Analyst Ratings February 2, 2026

Needham Lifts Napco Security Price Target to $49 After Robust Q2 Results

Analyst raises fiscal-year estimates as recurring services and hardware margins outpace expectations

By Derek Hwang NSSC
Needham Lifts Napco Security Price Target to $49 After Robust Q2 Results
NSSC

Needham Capital raised its price objective for Napco Security Technologies (NASDAQ:NSSC) to $49 from $47 and kept a Buy rating after the company's fiscal second quarter beat revenue and earnings forecasts. Revenue grew 12.2% year-over-year and diluted EPS for the trailing twelve months stands at $1.23. Both hardware lines and recurring services contributed to the quarter, and gross margins were stronger than anticipated.

Key Points

  • Needham raised its price target on Napco Security Technologies to $49 and reaffirmed a Buy rating after the fiscal Q2 beat.
  • Revenue rose 12.2% year-over-year and diluted EPS for the trailing twelve months was $1.23; Q2 EPS was $0.38 versus an expected $0.32.
  • Growth came from both hardware (Door Locking and Intrusion & Access Alarm products) and a 12.5% rise in Recurring Service revenues; gross profit margin was 56.16%.
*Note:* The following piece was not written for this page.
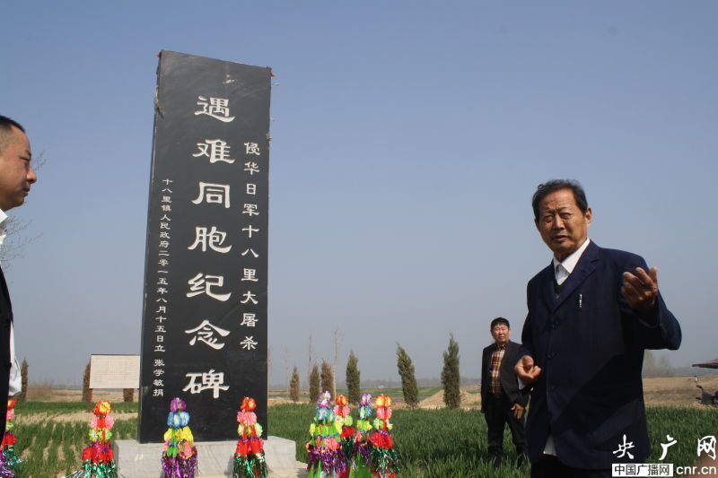 十八里鎮(zhèn)黨委副書記、鎮(zhèn)長張玉海對張先生的義舉表示肯定,他認(rèn)為,在近期日本刪減教科書中的南京大屠殺內(nèi)容、正式施行新修改的安保法的嚴(yán)峻背景下,在彰顯日軍又一大屠殺鐵證的“十八里村遇難同胞紀(jì)念碑”舉行祭奠儀式,意在深切緬懷70多年前遭到日寇屠殺的184位同胞,同時(shí)深情致敬在抗日戰(zhàn)爭中英勇犧牲的千千萬萬革命英烈。

Needham has increased its price target for Napco Security Technologies, Inc. (NASDAQ:NSSC) to $49.00 from $47.00 while maintaining a Buy rating, citing the company’s stronger-than-expected fiscal second quarter performance. The stock was trading at $41.02 and the firm carries a market capitalization of $1.46 billion.

The quarter's top-line strength was clear: Napco reported revenue growth of 12.2% year-over-year, outpacing the Street's forecast of 11.3%. Earnings per share advanced 36%, a considerably larger gain than the 14.4% increase analysts had projected. Over the last twelve months Napco has been profitable, with a diluted EPS of $1.23, according to InvestingPro data.

Performance was broad-based across product and service categories. Door Locking Products expanded by nearly 13%, Intrusion & Access Alarm Products rose almost 11%, and Recurring Service revenues increased 12.5% in the period. Needham highlighted that both equipment and service margins were stronger than anticipated, contributing to gross margins that exceeded expectations.

The company’s recurring service revenue business has reached a prospective run-rate of approximately $99 million, and Napco reported a gross profit margin of 56.16% in recent data. On the back of the quarter and management’s confident commentary, Needham raised its fiscal 2026 and 2027 estimates and reiterated its Buy recommendation.

Napco’s fiscal Q2 2026 results specifically showed an earnings per share of $0.38, compared with the consensus estimate of $0.32, representing an 18.75% earnings surprise. Quarterly revenue totaled $48.17 million, modestly above the expected $47.8 million. These results collectively point to a quarter that exceeded analyst expectations on both earnings and revenue.

Despite the operational and margin improvements, InvestingPro analysis indicates the stock currently appears overvalued relative to its Fair Value, even as the company retains a "GREAT" overall financial health score. That juxtaposition of strong fundamentals and a valuation premium was noted in the assessment.


What this means for investors

  • Analyst support strengthened: Needham raised its price target and its multi-year estimates following the quarter.
  • Broad revenue growth: Both hardware segments and recurring services contributed to top-line gains and margin expansion.
  • Valuation caveat: InvestingPro flags the shares as appearing overvalued versus Fair Value despite solid financial health metrics.

Investors and market watchers will be balancing Napco’s recent operational momentum, recurring revenue progress and margin strength against the stock’s valuation level as analysts update models and guidance for fiscal 2026 and 2027.

Risks

  • InvestingPro indicates NSSC appears overvalued relative to its Fair Value, creating potential downside risk for valuation-sensitive investors.
  • The cited $99 million recurring service run-rate is described as prospective, indicating it is a forward-looking figure and subject to execution risk.